== Source information ==
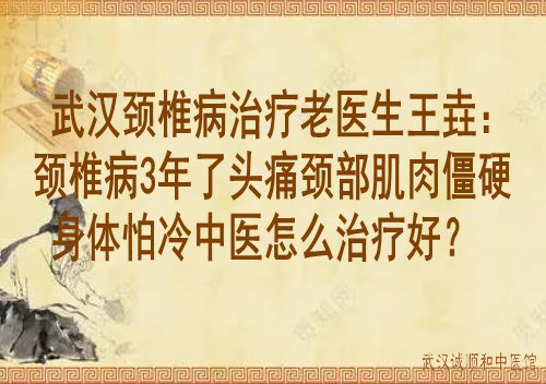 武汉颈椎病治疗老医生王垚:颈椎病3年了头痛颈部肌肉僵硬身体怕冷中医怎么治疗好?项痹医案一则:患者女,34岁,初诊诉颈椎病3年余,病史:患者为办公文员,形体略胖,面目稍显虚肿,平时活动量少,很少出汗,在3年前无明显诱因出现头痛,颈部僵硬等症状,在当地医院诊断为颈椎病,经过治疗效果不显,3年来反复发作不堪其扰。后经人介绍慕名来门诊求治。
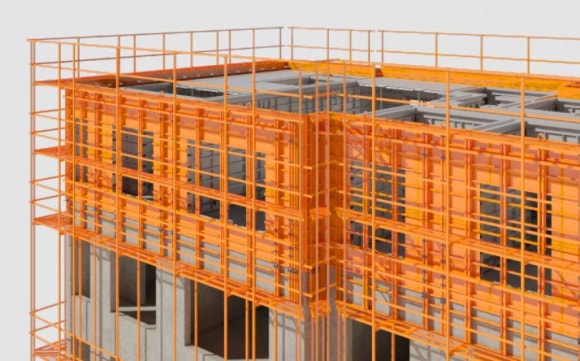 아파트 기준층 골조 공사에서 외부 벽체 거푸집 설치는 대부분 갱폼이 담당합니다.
--
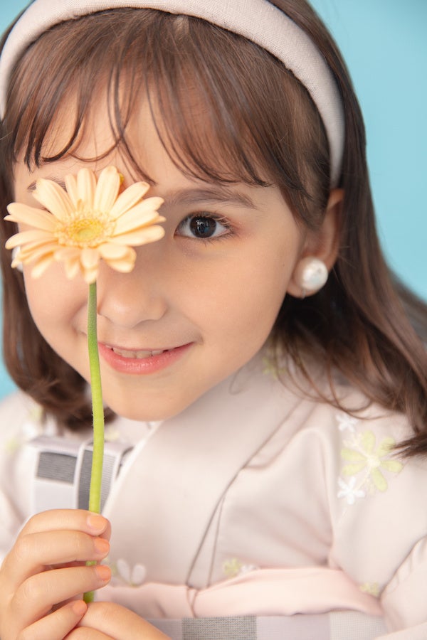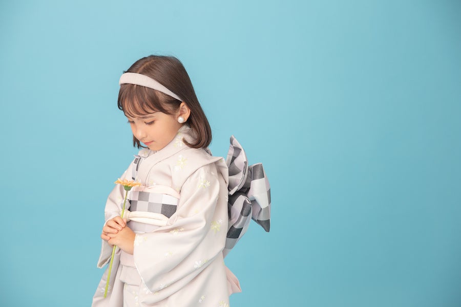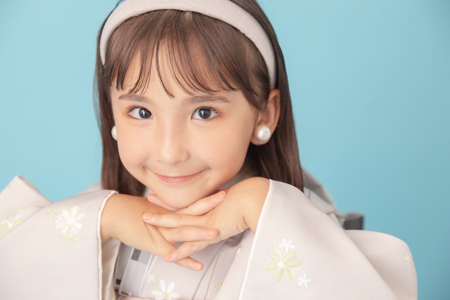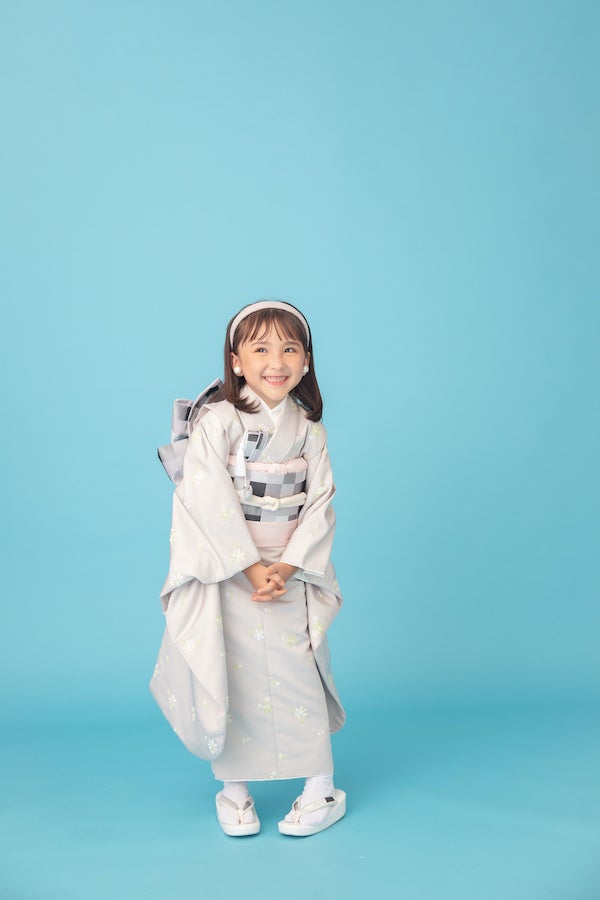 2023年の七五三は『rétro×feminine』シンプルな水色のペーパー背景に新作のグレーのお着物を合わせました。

== Description of the task ==
With the pictures left out, write out exactly the lines above from the one containing "武汉颈椎病治疗老医生王垚:颈" through the one containing "아파트 기준층 골조 공사에서 외부 벽체 거푸집 설치는 대부분 갱폼이 담당합니다.".

== Response ==
 武汉颈椎病治疗老医生王垚:颈椎病3年了头痛颈部肌肉僵硬身体怕冷中医怎么治疗好?项痹医案一则:患者女,34岁,初诊诉颈椎病3年余,病史:患者为办公文员,形体略胖,面目稍显虚肿,平时活动量少,很少出汗,在3年前无明显诱因出现头痛,颈部僵硬等症状,在当地医院诊断为颈椎病,经过治疗效果不显,3年来反复发作不堪其扰。后经人介绍慕名来门诊求治。
 아파트 기준층 골조 공사에서 외부 벽체 거푸집 설치는 대부분 갱폼이 담당합니다.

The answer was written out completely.